Prenatal paternity testing: Establishing the father in the early months of pregnancy

Most paternity tests are carried out any time after the birth of a child up until adulthood or even post-mortem. Sometimes, paternity tests are carried out during pregnancy. In this case, they are referred to as prenatal paternity tests. Prenatal paternity tests are not quite as quick and simple to carry out, mainly because of the method of sample collection required for such a test. Prenatal paternity tests can be divided into invasive and non-invasive tests.

Paternity testing is carried out through a comparison of genetic markers between the alleged father’s DNA profile and that of the child. The problem with carrying out the test in pregnancy is thus clear: how does one get a sample of genetic material from the fetus which is still inside the mother’s womb? There are a number of methods available which enable collecting a sample of fetal DNA including Amniocentesis & Chorionic villus sampling & PUBS (percutaneous umbilical cord sampling), procedures which are often used to determine genetic abnormalities in unborn babies but which carry risks. These procedures are referred to as “invasive” prenatal testing procedures. Due to the risks, pregnant mothers often choose to avoid such tests especially if they need to just determine paternity of the unborn baby.

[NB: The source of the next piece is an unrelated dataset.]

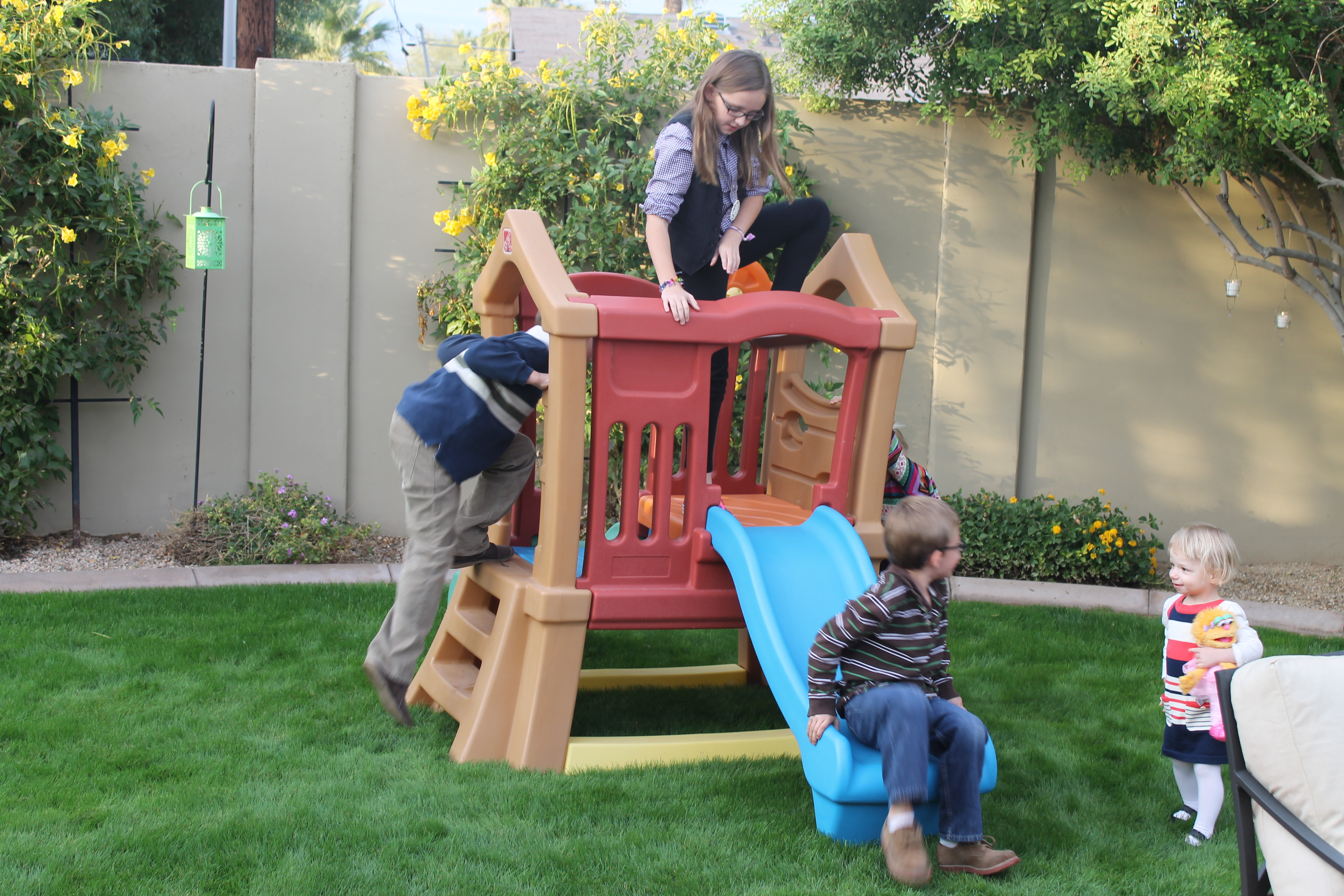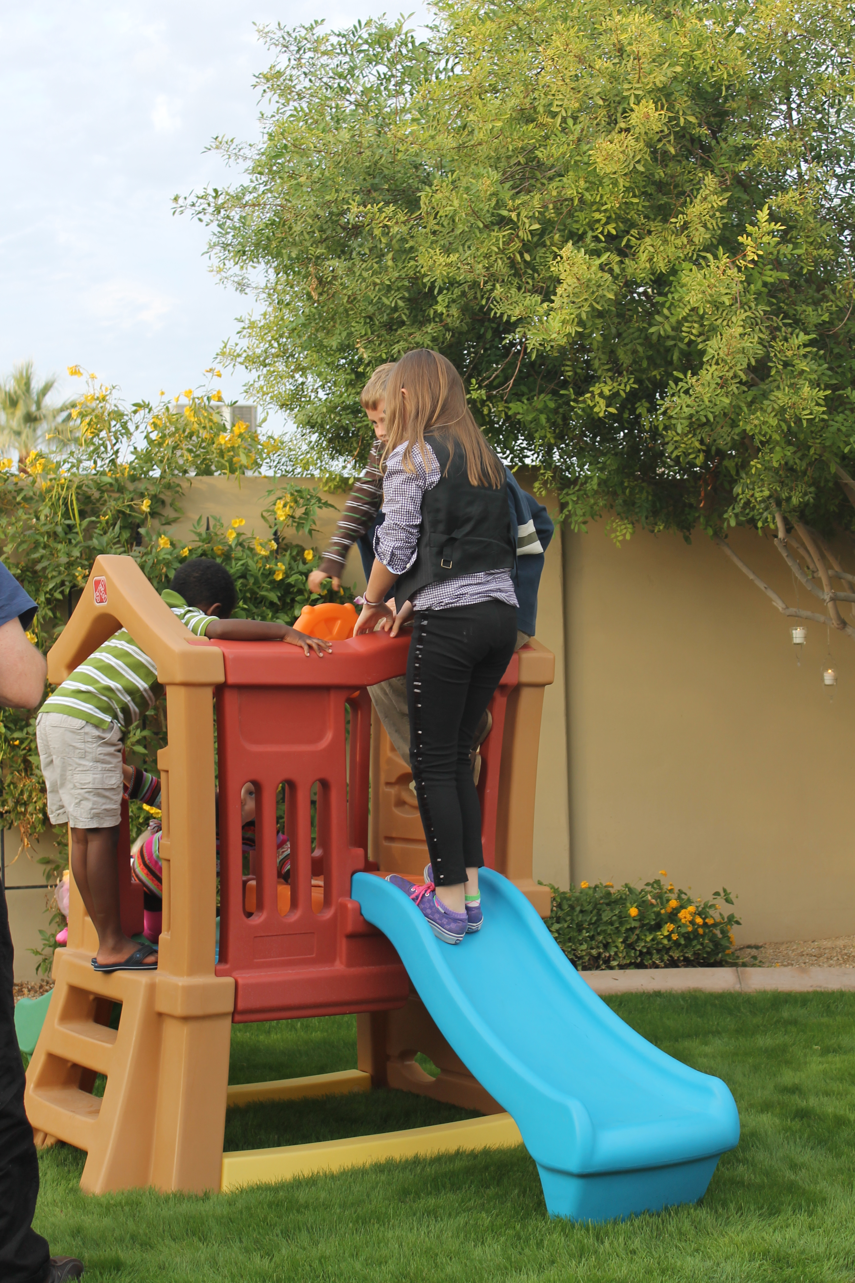 Dinner with our preschool friends – picture 4 towheads wearing every stinking piece of dress up clothes and accessories we have and parading through the house. It was fantastic.

Non Invasive Prenatal Paternity Testing

Pregnant mothers who need to know the father of the baby whilst still pregnant can avoid all the risks of “invasive” tests by using a much simpler and 100% risk free method known as non-invasive prenatal paternity testing. This test is becoming the preferred way to go about prenatal paternity testing.

The advantages of this test

  • Sample collection is easier than with other prenatal tests such as CVS. A non-invasive test requires just a blood draw from the mother and oral swabs from the father. Click here for more about sample collection.
  • The non-invasive test can be carried out at just 10 weeks of pregnancy, earlier than for example amniocentesis which requires the mother to be at 15 weeks of pregnancy.
  • The most important feature of the non-invasive test is the fact it has 0% risk for the mother and the baby. No type of invasive tests can offer a total guarantee of safety for the mother and the baby.
  • This non-invasive prenatal paternity testing is relatively inexpensive in comparison to invasive techniques such as CVS or amniocentesis.
  • Non-invasive prenatal paternity testing is extremely accurate. If the alleged father is the biological father, the results will confirm a 99.9% probability of paternity

Non invasive prenatal paternity testing will establish the paternity of the fetus. The test cannot be used to discover baby gender. If you want to also find out if you will have a baby boy or baby girl, you will need a baby gender test.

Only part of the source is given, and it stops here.